Penyerahan Hasil Bumi

3. Penyerahan Hasil Bumi

Dalam bahasa Badui, “Seba” berarti seserahan. Dalam acara tradisi ini, masyarakat Badui akan turun gunung membawa serta hasil pertanian atau hasil bumi mereka, mulai dari pisang, padi, durian, gula aren, dan palawija.

Seluruh hasil pertanian itu akan dibawa ke kota untuk diberikan kepada penggede. Penyerahan seserahan ini juga menjadi cara mereka mewujudkan rasa hormat terhadap pimpinan-pimpinan di daerah sekaligus bersilaturahmi.

Tradisi seba juga memiliki arti bahwa urang kanekes mengaku sebagai bagian dari Republik Indonesia.

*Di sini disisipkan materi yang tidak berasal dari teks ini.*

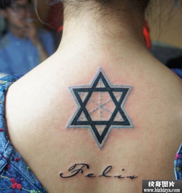 女生背部六芒星刺青图案图片_女生纹身图案大全_纹身图吧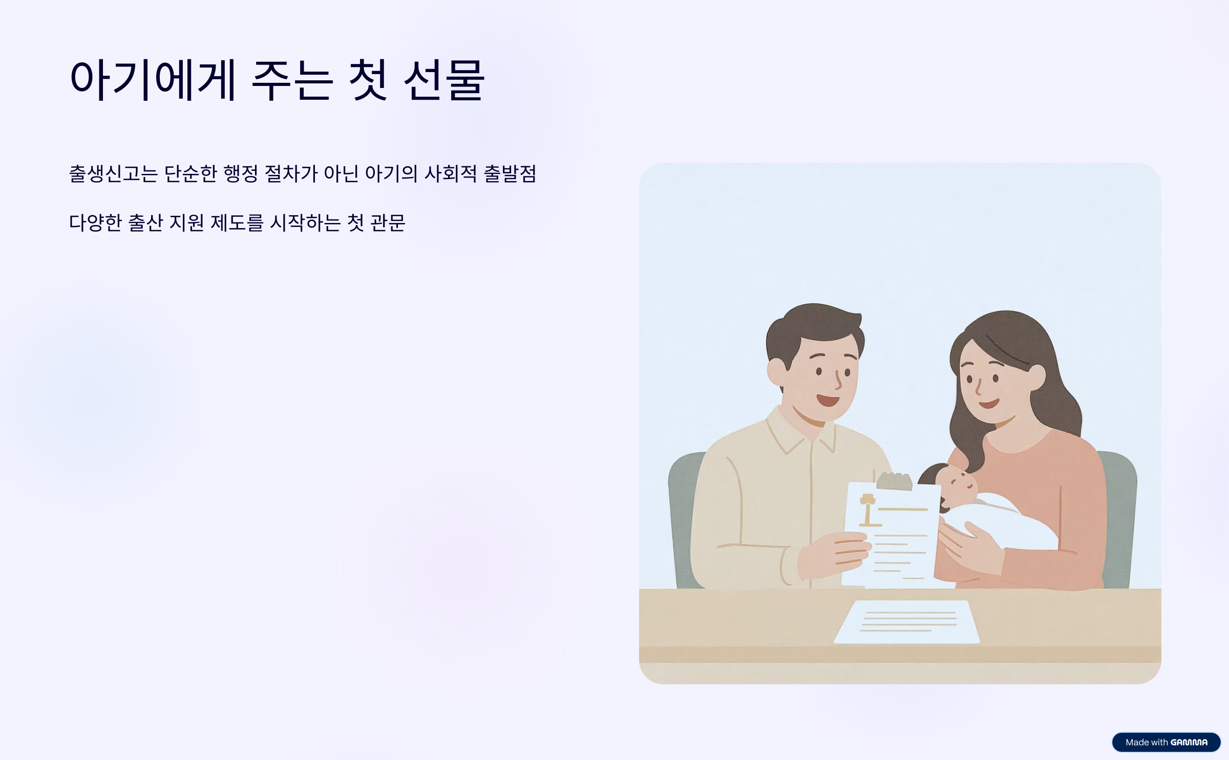 출생신고가 완료돼야만 아동수당, 부모급여, 건강보험 자녀 등록 등 각종 제도 이용이 가능해지기 때문에 반드시 제때 신고해야 합니다.

4. Diskusi dan Penyampaian Wasiat

Tidak hanya sebagai tradisi yang bermakna mendalam, seba Badui juga digunakan untuk menyampaikan wasiat dari para leluhur adat. Secara garis besar, wasiat yang disampaikan tidak akan jauh-jauh dari imbauan untuk menjaga lingkungan dan kelestarian alam.

Namun, dalam beberapa kesempatan, ada pula makna-makna lain yang terselip di dalamnya. Hanya saja karena tak disampaikan secara gamblang, tak semua orang dapat memahami wasiat tersebut.

Salah satu contoh adalah ketika terjadi Tsunami Selat Sunda pada akhir 2018 lalu. Kejadian itu rupanya telah ‘diramalkan’ masyarakat Badui sejak jauh-jauh hari.

5. Moment Masyarakat Dapat bertemu Suku Badui Dalam

Secara gaya hidup, Badui Luar dan Badui Dalam memiliki perbedaan yang cukup signifikan. Masyarakat Badui luar cukup terbuka terhadap informasi dan teknologi.

Mereka sudah mau mengenakan pakaian berwarna dan bergaya seperti kaus dan celana panjang. Badui Luar juga sudah menggunakan teknologi, seperti ponsel atau listrik.

Sementara Badui Dalam patuh dengan leluhur untuk hidup tanpa teknologi modern. Namun, dalam tradisi seba Badui, kedua komunitas Badui ini akan berkumpul dan berjalan bersama dari Lebak menuju kediaman Gubernur untuk memberikan persembahan terbaik dari hasil bumi mereka.

Saat pelaksanaan tradisi seba ini lah, masyarakat luas dapat bertemu dengan mastarakat suku Badui Dalam.

6. Diikuti Ribuan Orang

Setiap kali tradisi seba dilaksanakan, jumlah pesertanya dapat mencapai ribuan orang. Baik Badui Dalam maupun Badui Luar akan berjalan kaki bersama, sambil membawa seserahan mereka.

Badui Luar biasanya mengenakan pakaian hitam dengan ikat kepala berwarna biru. Sementara Badui Dalam akan mengenakan pakaian dan ikat kepala berwarna putih.

Selain itu, Badui Luar juga diperbolehkan menggunakan kendaraan bermotor, baik itu motor maupun mobil. Sebaliknya, Badui Dalam tidak diperbolehkan menggunakan kendaraan bermotor sama sekali.